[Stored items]
#####

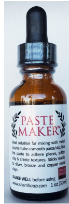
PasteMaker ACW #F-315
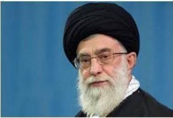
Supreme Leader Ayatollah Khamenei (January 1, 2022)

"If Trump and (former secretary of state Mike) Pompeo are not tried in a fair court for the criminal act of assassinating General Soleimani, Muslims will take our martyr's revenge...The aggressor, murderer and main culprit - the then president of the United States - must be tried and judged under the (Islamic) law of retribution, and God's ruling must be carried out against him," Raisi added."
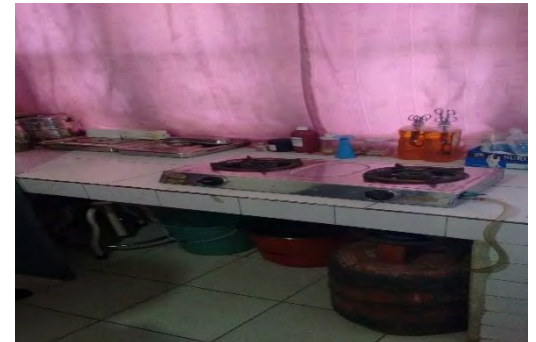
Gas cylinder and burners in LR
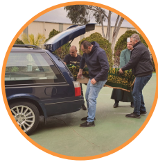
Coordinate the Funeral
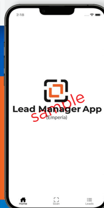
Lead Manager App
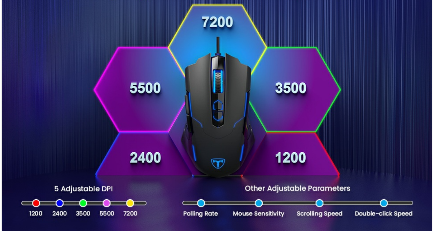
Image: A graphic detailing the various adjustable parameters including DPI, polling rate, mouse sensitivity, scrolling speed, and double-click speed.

#####

INSTRUCTIONS TO FOLLOW: Extract only the lines from the one that contains "Lead Manager App" through the end of the records, inclusive, and omit every picture.

OUTPUT OF THE TASK:
Lead Manager App
Image: A graphic detailing the various adjustable parameters including DPI, polling rate, mouse sensitivity, scrolling speed, and double-click speed.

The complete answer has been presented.